In an interview with Lawyers Weekly late last year, Darwin said that he was seeking to beef-up the Australian arm’s strength in litigation and regulatory work, the firm’s biggest global practice group, while also seeking to bolster the firm’s Sydney-based corporate group.
Lawyers Weekly has been told by a number of sources that there is a belief from sections of the firm that Phillips Fox was the wrong merger partner for DLA Piper and that, in hindsight, a smaller, more targeted Australian practice would have been preferable.
Lawyers Weekly has also been told that the firm was even looking at the possibility of closing down the existing Brisbane, Melbourne and Canberra offices of the firm, with a long-term view that Sydney and Perth would remain the most viable of the firm’s Australian offices.
DLA Piper lost six of its eight partners in Canberra in 2011 when HWL Ebsworth raided the firm in launching its Canberra practice.
DLA Piper now has four partners in Canberra.
“Categorically no,” said Darwin when asked if the firm might look to revert to a two-office Sydney-Perth strategy like that of its global rivals Allen & Overy and Clifford Chance.
A spokesperson for DLA Piper also told Lawyers Weekly that a major refurbishment of the firm's client floor in Melbourne was due to be completed next month, with the firm continuing to invest into the office.
Darwin also said that Phillips Fox, which was renamed DLA Phillips Fox in 2006 prior to the merger in 2011, was the right partner for the firm.

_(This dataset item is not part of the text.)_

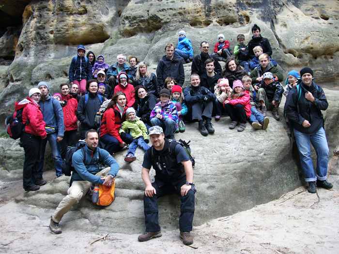 Am kühlen, aber sonnigen Tag der deutschen Einheit waren wir mal wieder in der Sächsischen Schweiz herbstwandern. Mit über 40 Fûryû-ka bzw. deren Familienangehörigen gab es bei der elften Auflage einen Teilnehmerrekord. Die Strecke hatte dankenswerter Weise Ingolf Rusch wie immer für alle zuverlässig vorerkundet: diesmal ging es vom Startpunkt Postelwitz unterhalb der Schrammsteine entlang und durch das Kirnitzschtal zurück nach Bad Schandau. Auch wenn es nicht immer einfach war, die in Lebensalter und Wanderkondition höchst heterogene Gruppe beieinander zu halten, hatten wir doch ein schöne gemeinsame Zeit, in der nicht nur aber auch darüber sinniert wurde, warum die Mühe des Anstiegs nicht selten ausgeblendet bleibt, wenn man freudig ausruft: "Es geht endlich wieder aufwärts!" - Manch einer mag vielleicht den Ausblick in die Ferne von einem Felsen vermisst haben, doch jede Herbstwanderung ist eben ein bisschen anders. Diesmal endete sie unvergesslich mit einer Fahrt in der historischen Kirnitzschtalbahn. Also dann, auf ein Neues im nächsten Jahr!

“In pretty much every market we have gone into, we have gone in on the back of a merger, and part of the reasons behind that are because we are a full-service firm,” said Darwin, adding that “if you are trying to launch a full-service practice then it is better to do it on the back of merger when you have existing infrastructure across multiple practice groups”.
“You know these journeys are multi-year journeys, and you need the partners to work out in a thoughtful way whether it works.”
Darwin’s appointment as the firm’s Australian head was for two financial years. He has previously told Lawyers Weekly that he would be hoping to have his Australian successor named in the early months of 2015.